### Data below
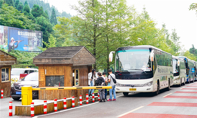 上午11點(diǎn),記者在仙女山國(guó)家森林公園入園處看到,排隊(duì)等候入園的車輛在3個(gè)檢票通道上排起了小長(zhǎng)龍。其中團(tuán)隊(duì)通道整齊排列的16輛旅游大巴尤為搶眼。景區(qū)工作人員對(duì)入園游客進(jìn)行掃碼、測(cè)體溫、查驗(yàn)健康碼和通行碼后方可進(jìn)入仙女山景區(qū)。
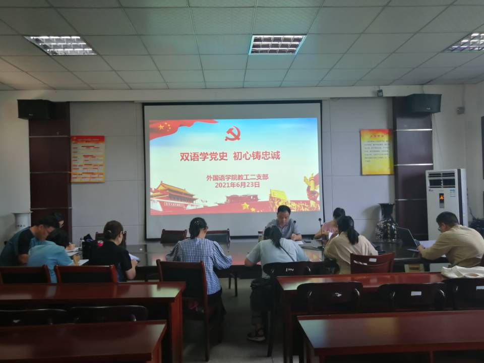 6月23日下午,威廉希尔williamhill教工二支部在会议室举行“双语学党史 初心铸忠诚”主题党日活动,开展党史学习教育。会议由支部书记李奕华主持。
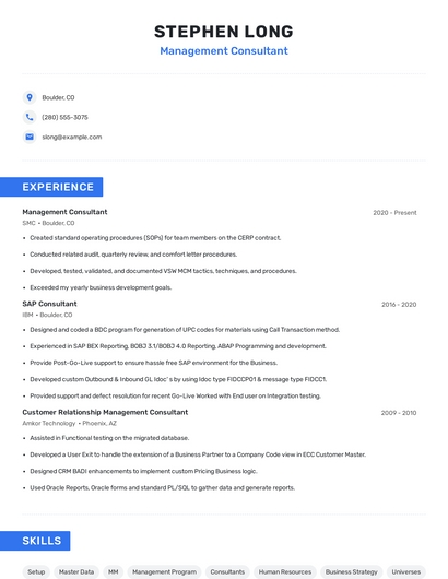 Build a professional management consultant resume in minutes. Browse through our resume examples to identify the best way to word your resume. Then choose from 5+ resume templates to create your management consultant resume.
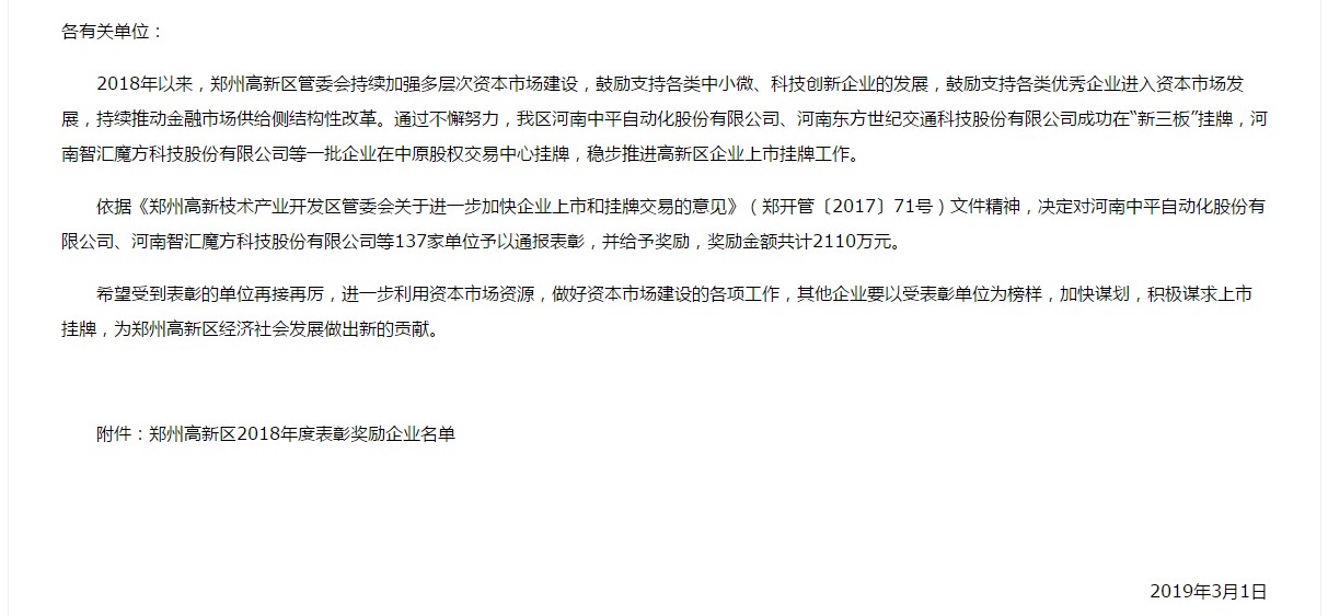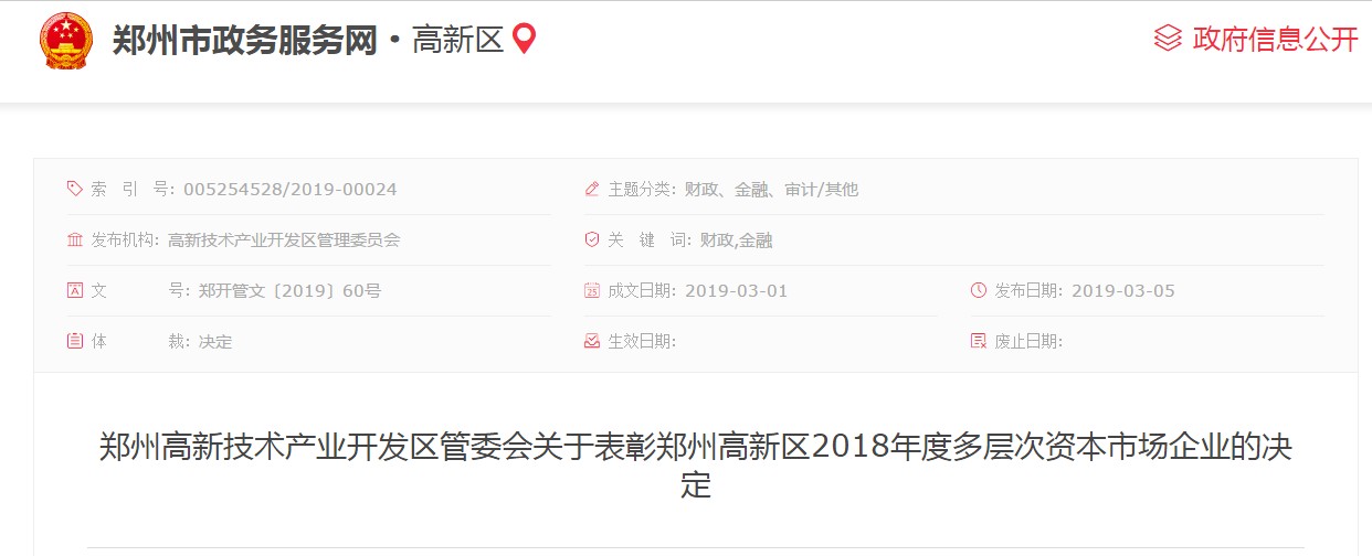 轉(zhuǎn)發(fā):鄭州高新技術產(chǎn)業(yè)開發(fā)區(qū)管委會關于表彰鄭州高新區(qū)2018年度多層次資本市場企業(yè)的決定

### What you need to do
Your reply should contain only an exact copy of the lines from the beginning of the material through the line with "6月23日下午,威廉希尔wi", both ends included, with the pictures removed.

### Solution below
 上午11點(diǎn),記者在仙女山國(guó)家森林公園入園處看到,排隊(duì)等候入園的車輛在3個(gè)檢票通道上排起了小長(zhǎng)龍。其中團(tuán)隊(duì)通道整齊排列的16輛旅游大巴尤為搶眼。景區(qū)工作人員對(duì)入園游客進(jìn)行掃碼、測(cè)體溫、查驗(yàn)健康碼和通行碼后方可進(jìn)入仙女山景區(qū)。
 6月23日下午,威廉希尔williamhill教工二支部在会议室举行“双语学党史 初心铸忠诚”主题党日活动,开展党史学习教育。会议由支部书记李奕华主持。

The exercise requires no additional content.